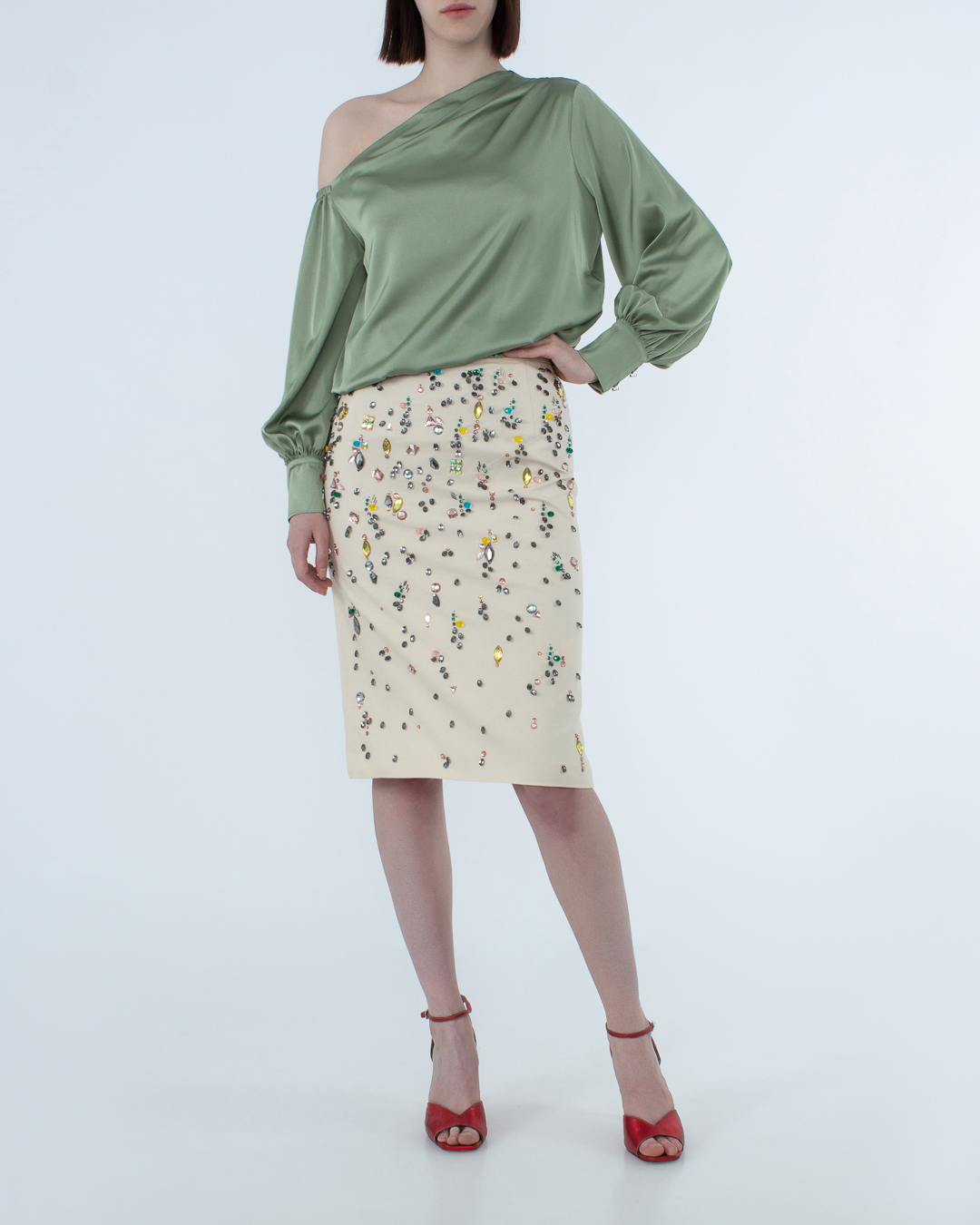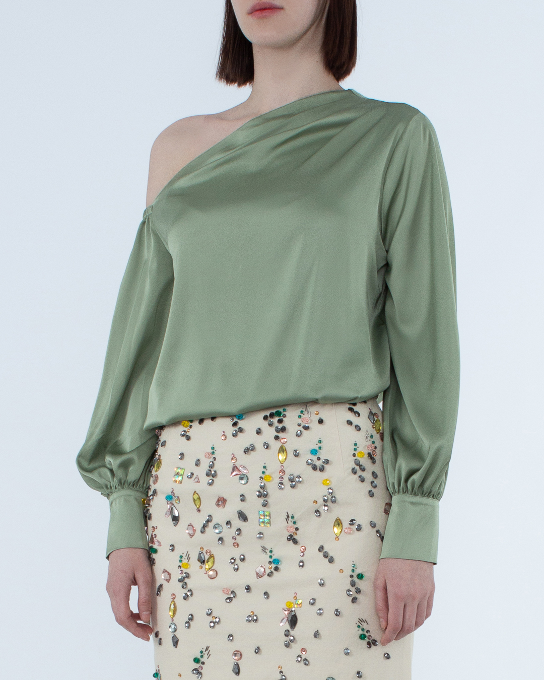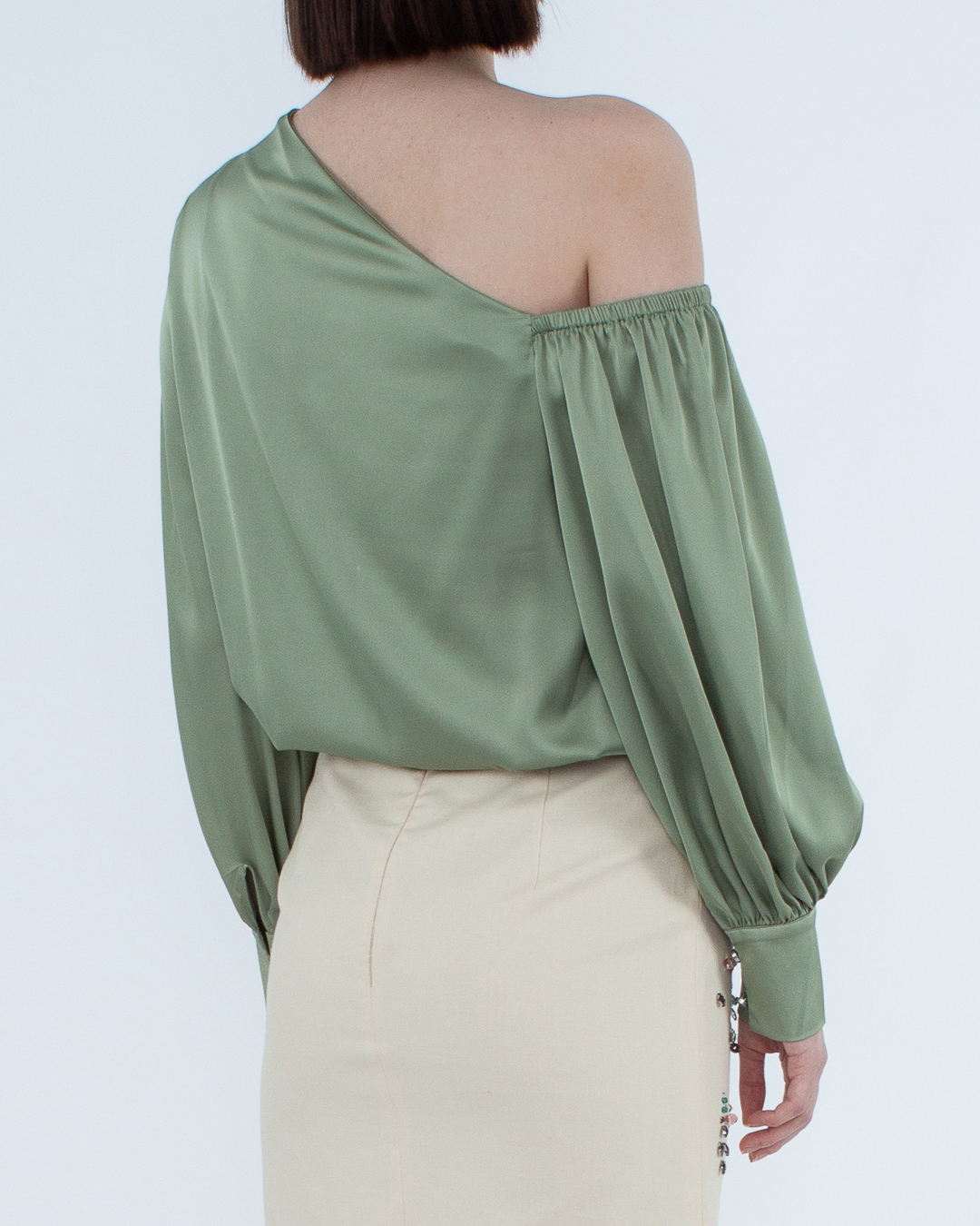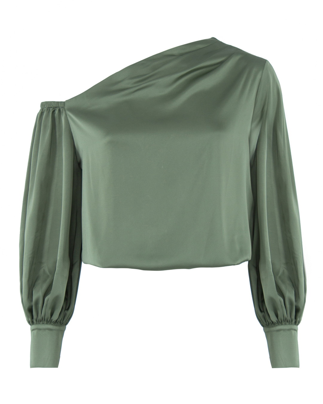 Блуза D.EXTERIOR выполнена из атласного материала зеленого оттенка. Модель с одним открытым плечом дополнено двумя объемными карманами со сборкой материала.
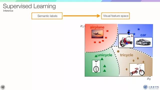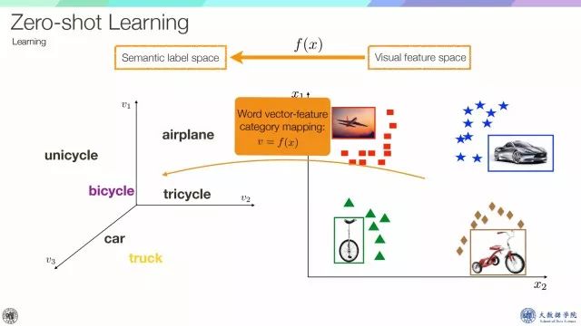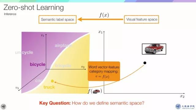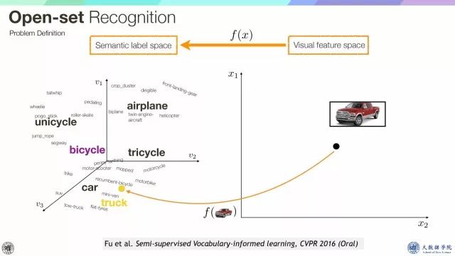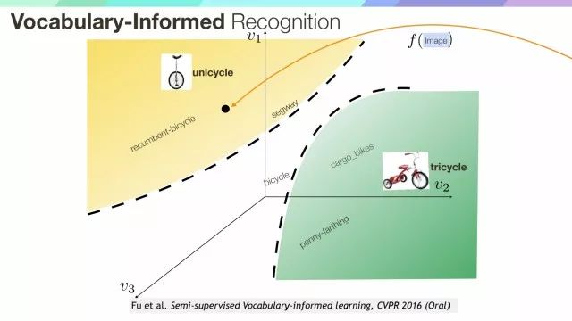 另一方面我们可以利用free-vovabulary词汇来帮助整个学习过程,比如图像被映射到语义空间,在这个空间中,只知道unicycle或tricycle,在零样本学习情况下,我们更倾向于把它归为unicycle,因为它靠近unicycle的语义原型。
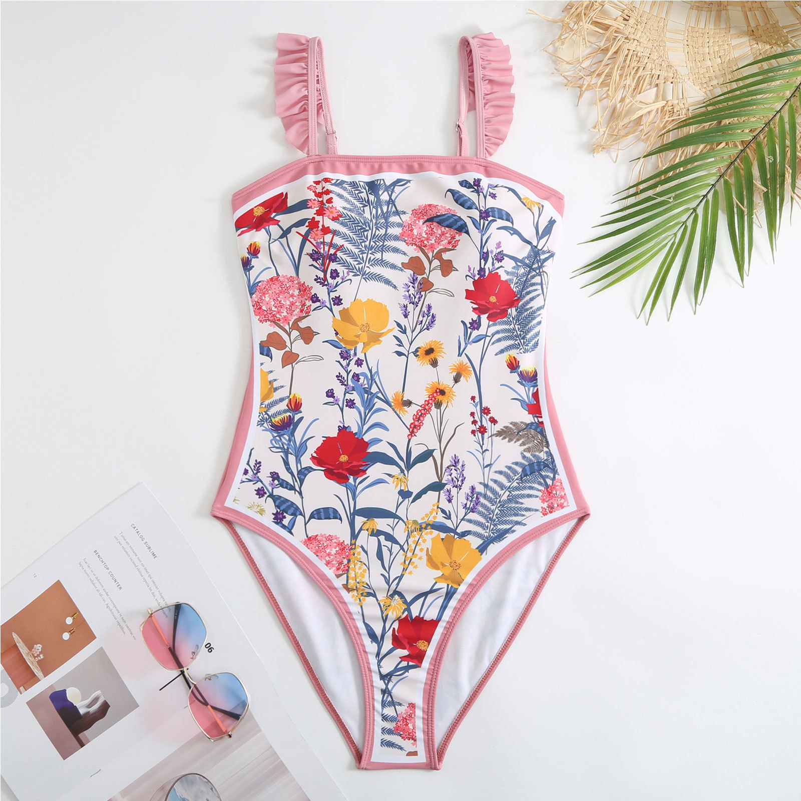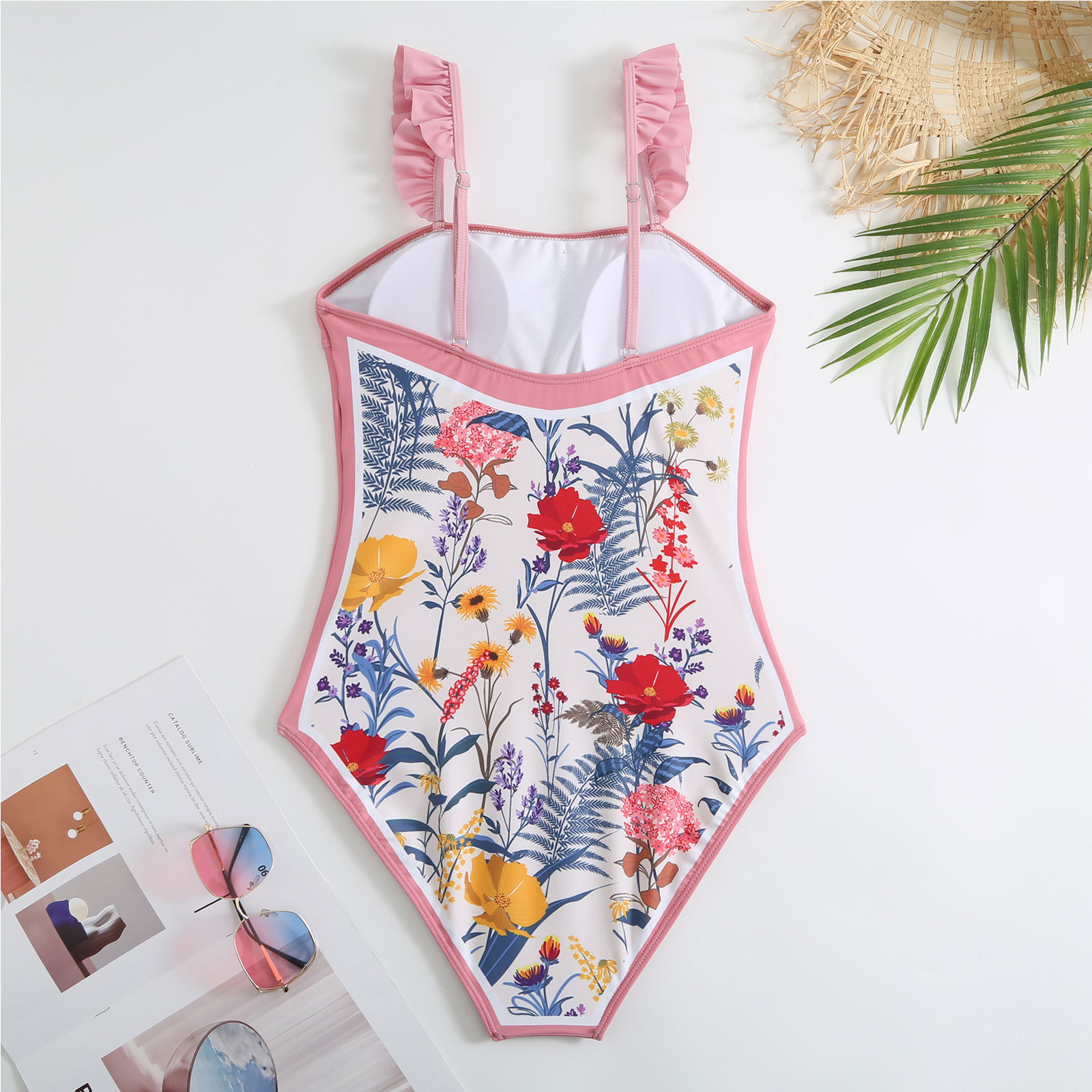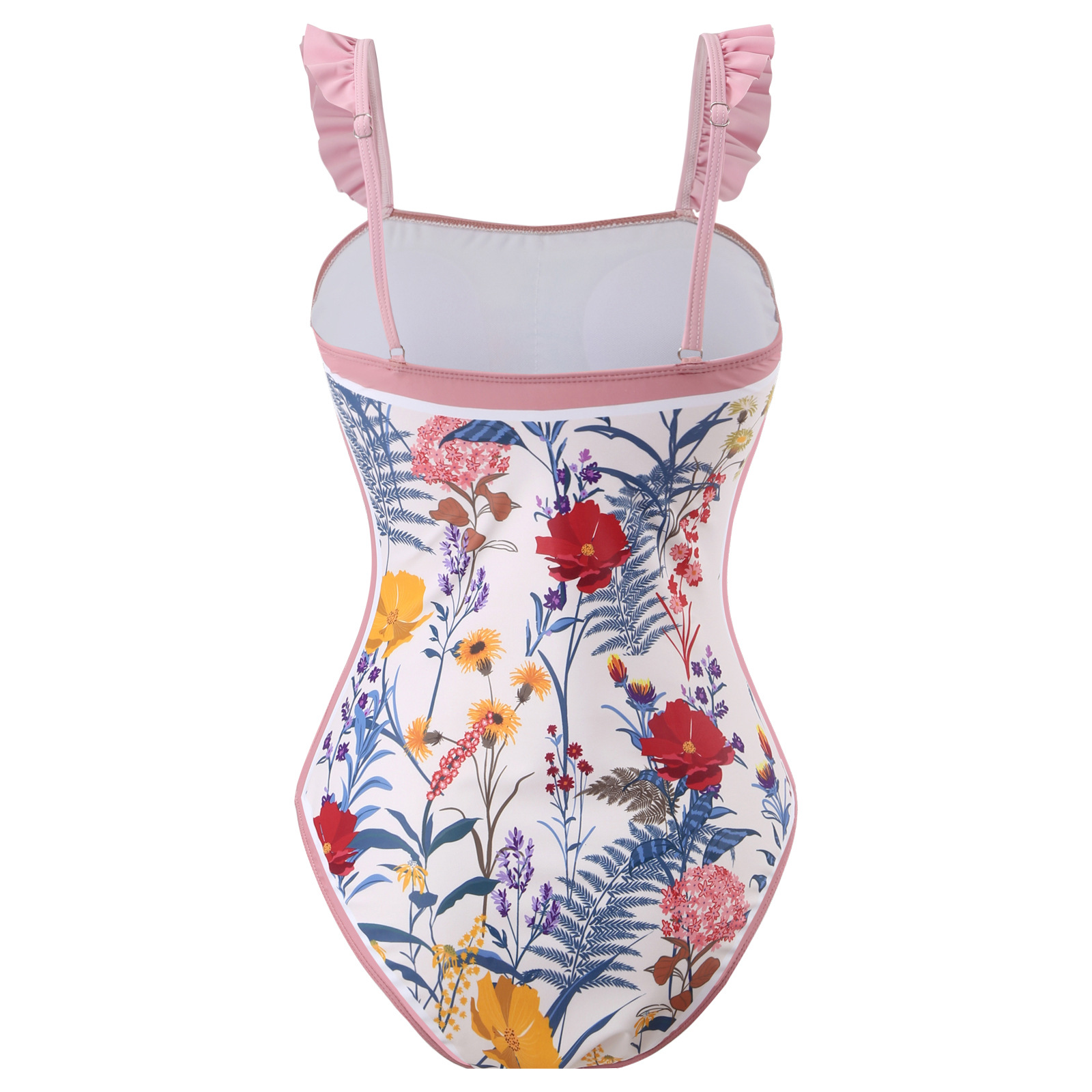 Flying Edge One Piece Women Swimwear European, French Retro Cover Belly Slimming Swimsuit Chiffon Beach Dress
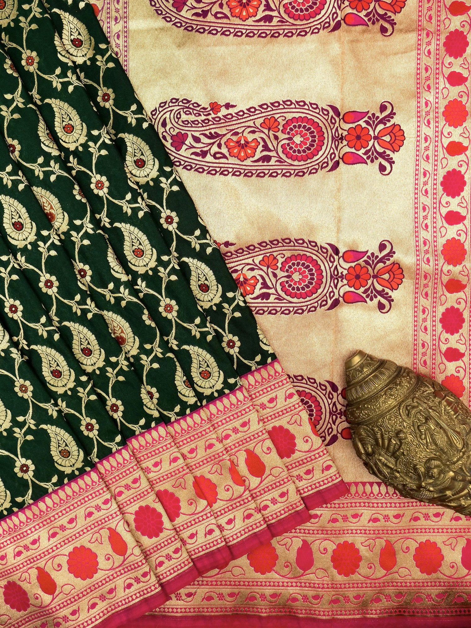 The dark green silken body of the sari is adorned with an intricate mesh or Jangla pattern, with a golden paisley motif interlinked with supple floral vines.
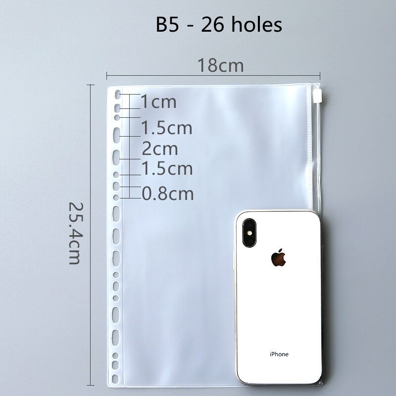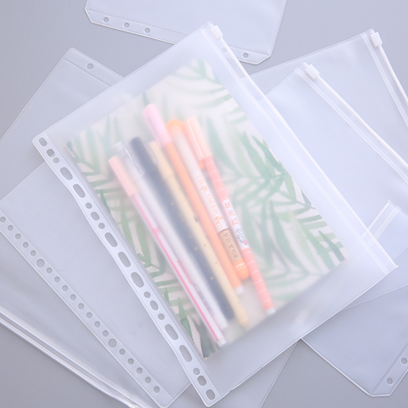 1 Piece PVC Transparent Punch File Organizer Storage Folder Loose Leaf Pouch Notebook Zipper Bag Binder Document
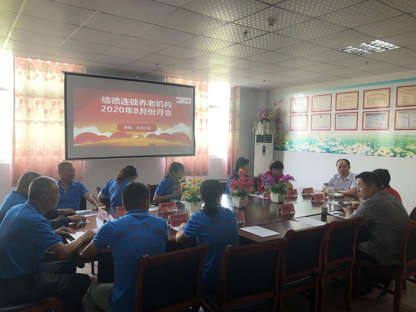 9月1日、2日、4日信德连锁养老机构召开三个片区8月月会,回顾8月份各院工作及需要解决的问题,下达9月份工作安排。
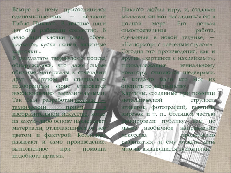 Пикассо любил игру, и, создавая коллажи, он мог насладиться ею в полной мере. Его первая самостоятельная работа, сделанная в новой технике, — «Натюрморт с плетеным стулом».
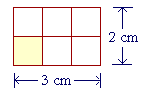 What do we call the small shaded square? Since each side is 1 cm, we call it "1 square centimeter." And we can see that the entire figure is made up 2 × 3 or 6 of them! In other words, the area of that rectangle -- the space enclosed by the boundary -- is 6 square centimeters: 6 cm².
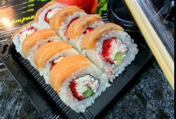 Вип ролл с начинкой из сливочного сыра,свежий огурец, сверху опаленный карамельный лосось, под соусом терияки и икринки летучей рыбы
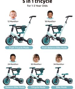 4 Modos: modo de empuje de dirección de los padres, modo de triciclo, modo de bicicleta de equilibrio y modo de bicicleta. Triciclo multifuncional adecuado para niños y niñas de 1, 2,3 años.

## [WORK ORDER]
From the line containing "Пикассо любил игру, и, создавая" through the last line of the entries, copy each line exactly and only those, skipping all pictures.

## [YOUR SOLUTION]
 Пикассо любил игру, и, создавая коллажи, он мог насладиться ею в полной мере. Его первая самостоятельная работа, сделанная в новой технике, — «Натюрморт с плетеным стулом».
 What do we call the small shaded square? Since each side is 1 cm, we call it "1 square centimeter." And we can see that the entire figure is made up 2 × 3 or 6 of them! In other words, the area of that rectangle -- the space enclosed by the boundary -- is 6 square centimeters: 6 cm².
 Вип ролл с начинкой из сливочного сыра,свежий огурец, сверху опаленный карамельный лосось, под соусом терияки и икринки летучей рыбы
 4 Modos: modo de empuje de dirección de los padres, modo de triciclo, modo de bicicleta de equilibrio y modo de bicicleta. Triciclo multifuncional adecuado para niños y niñas de 1, 2,3 años.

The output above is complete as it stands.